Analysis of variance was performed using the GLIMMIX procedure to fit the generalized linear mixed model (GLMM) for lattice or randomized complete block design (RCBD) in Statistical Analysis System (SAS) v.9.4 software (SAS Institute, 2013). Data were analyzed separately for each environment (location and year) and combined across locations and years. The genotype was considered a fixed effect, while the environment, genotype x environment, and all other effects were estimated as random effects. A residual analysis was used to test the homogeneity of error variances before pooling data for combined analyses. Studentized residuals were plotted against the predicted values and visually inspected to check if they were randomly and independently distributed. The Shapiro–Wilk test was performed on the residuals in the UNIVARIATE procedure to test their normality. A few data produced outlier residuals, and they were removed from the analysis.

The least square means (LS means) for each trait was used to calculate the pair-wise Spearman’s rank correlation for all traits using the CORR Spearman procedure in SAS. Significant relationships between a number of traits were identified, which suggested that multivariate principal component analysis (PCA) would be a suitable method for data reduction. The PRINCOMP procedure was used in SAS to determine the principal component (PC) values and estimate the proportion of variance explained by each PC. A scree plot of the eigenvalues of PCs was used to determine the number of PCs to keep in a PCA. Genotype x trait (GT) biplots were plotted in Microsoft Excel.

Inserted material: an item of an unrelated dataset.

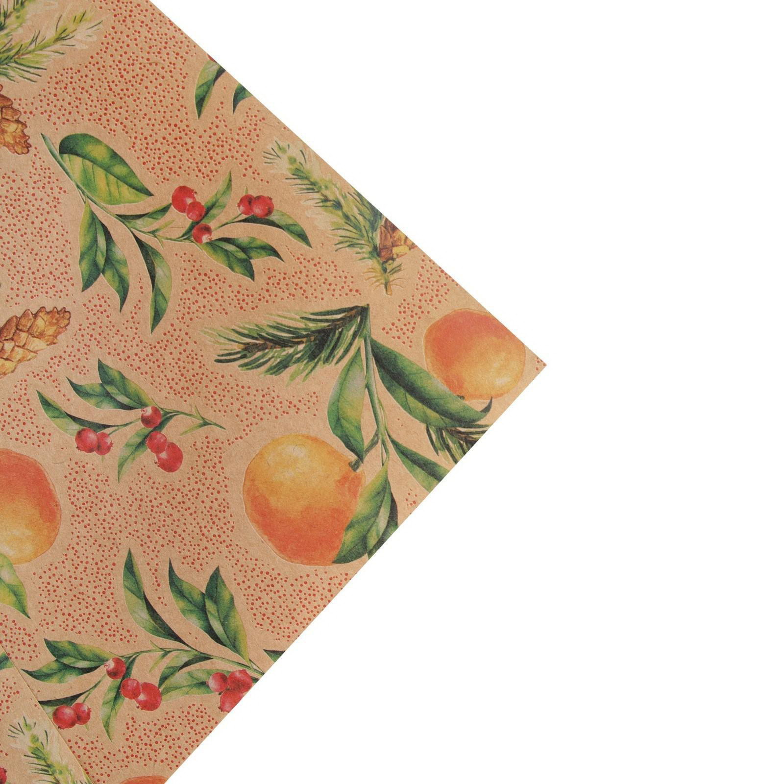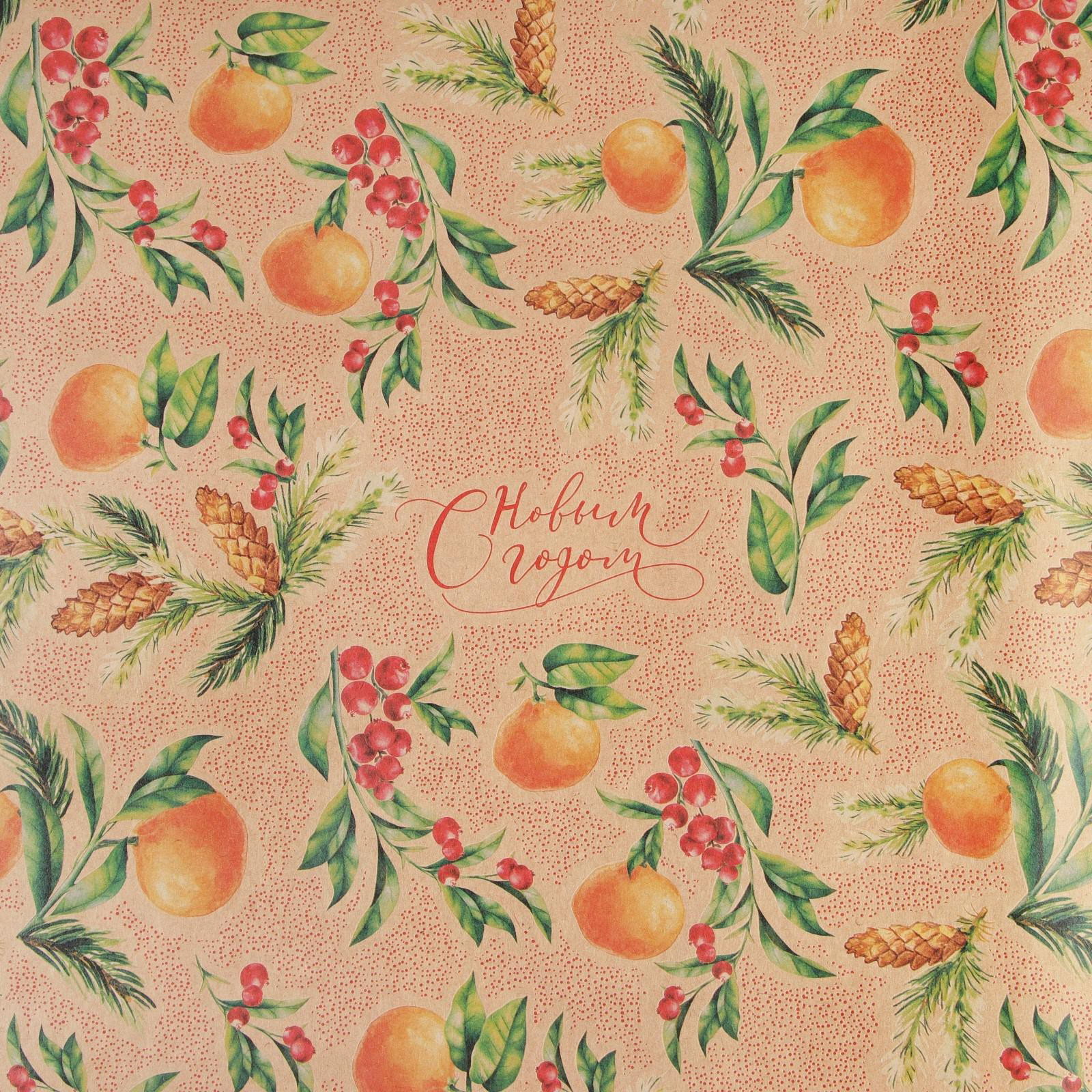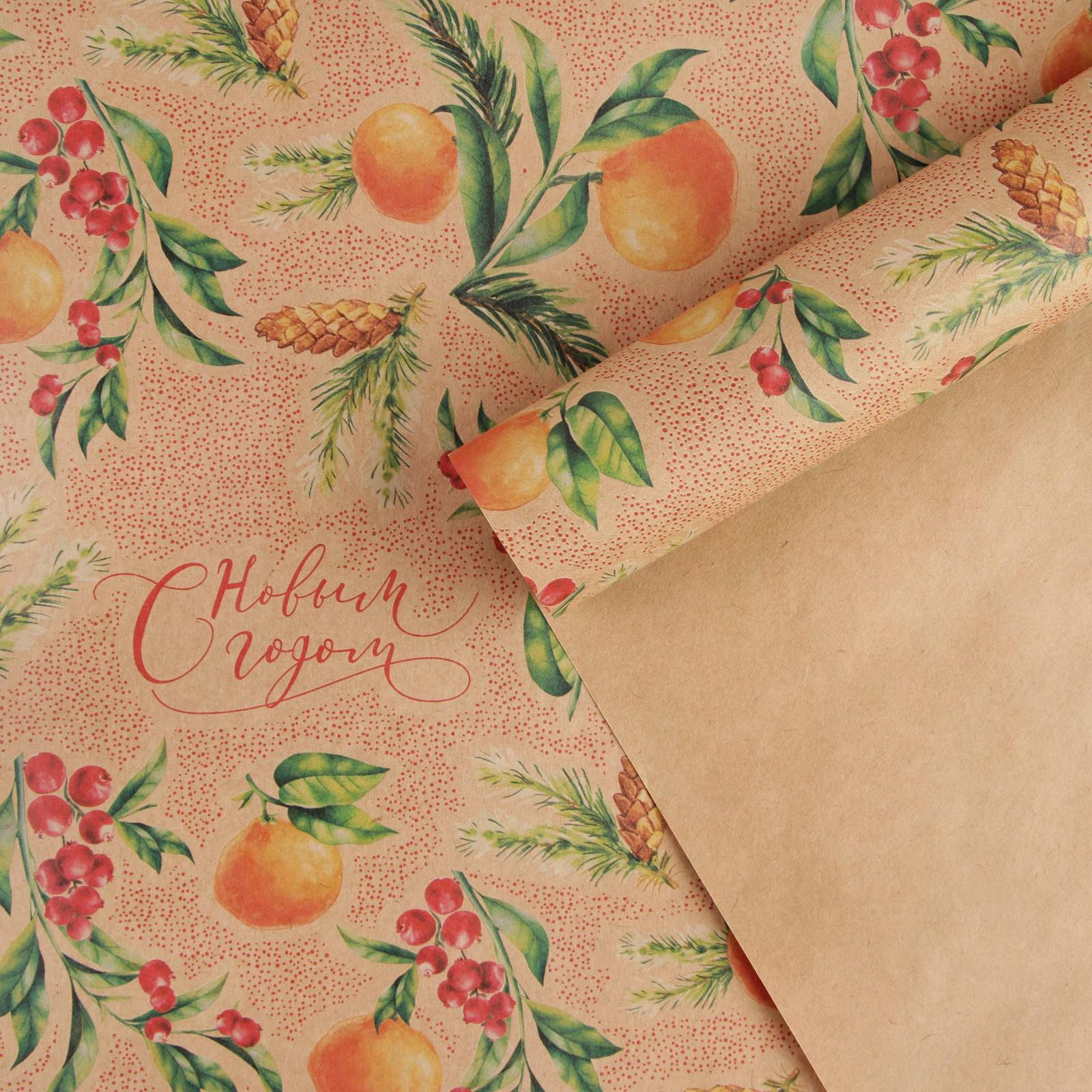 Упаковочная бумага на новый год крафтовая "Мандарины", 70x100 см, Дарите Счастье, Россия

Multi-Environment Trait Analysis with R (Meta-R) for Windows version 6.04 software (Alvarado et al., 2020) was used to estimate the best linear and unbiased estimators (BLUEs) and the best linear and unbiased predictors (BLUPs), the variance–covariance parameters, the genetic variance, and the broad-sense heritability. BLUE estimates averaged over four environments were used in the GWAS analyses.

2.3 Genotyping

2.3.1 BeadChip and gene-based markers

Genomic DNA was isolated from 121 AYD_AM bean genotypes using a DNeasy plant mini kit (QIAGEN, Canada) according to the manufacturer’s instructions. Genotyping was performed using the bean BARCBean6K_3 BeadChip (Hyten et al., 2010; Song et al., 2015) containing 5,398 SNPs. Chip genotyping was done using the Illumina^® Infinium High-Density (HD) Assay at the McGill University and Génome Québec Innovation Centre (Montreal, Canada). SNP calling was done using GenomeStudio software. The panel was also screened with the two yield/antiyield gene-specific temperature switch PCR (TSP) markers (Reinprecht et al., 2021), a number of sequence characterized amplified region (SCAR) markers previously associated with CBB resistance in bean (Miklas, 2005), and the gene-based Niemann–Pick polymorphism (NPP) marker that was developed to screen bean for CBB resistance (Morneau, 2019). All additional markers were gel-based (Supplementary Table S2).

2.3.2 Data filtering

Only SNPs with known physical positions in the bean v2.1 genome sequence were used in mapping. The SNPs (5,300 with known genome positions) were pre-processed using Trait Analysis by aSSociation, Evolution, and Linkage (TASSEL) v. 5.2.85 software (Bradbury et al., 2007) using the following parameters: missingness 10% (missing SNPs per genotype) and 7% (each SNP present in 113 out of 121 genotypes), 5% both minor allele frequency (MAF) and heterozygosity, and minor alleles removed. Filtering was also done using PLINK 1.9 software (Purcell et al., 2007). Four genotypes exceeded heterozygosity (5%) and missingness (10%) thresholds [heterozygosity: XAN 159 (11.5%) and ICA Pijao (11.3%); missingness: Montcalm (9.9%) and ACUG 14–7 (5.6%)]. However, their removal did not improve mapping results, and they were retained in the panel. Because LD pruning removed many SNPs from the dataset (1,827 SNPs remained), creating large regions with no SNP representation, and because the missing data level was only 0.5%, neither LD pruning nor imputation was used. Implementation of LD pruning and imputation did not change the GWAS results. Therefore, filtered marker data with 4,485 SNPs (84.6% of initial SNPs with a proportion of missingness of 0.00549, a proportion of heterozygosity of 0.00435, and an average MAF of 0.2846) and 121 genotypes were used for the GWAS analyses.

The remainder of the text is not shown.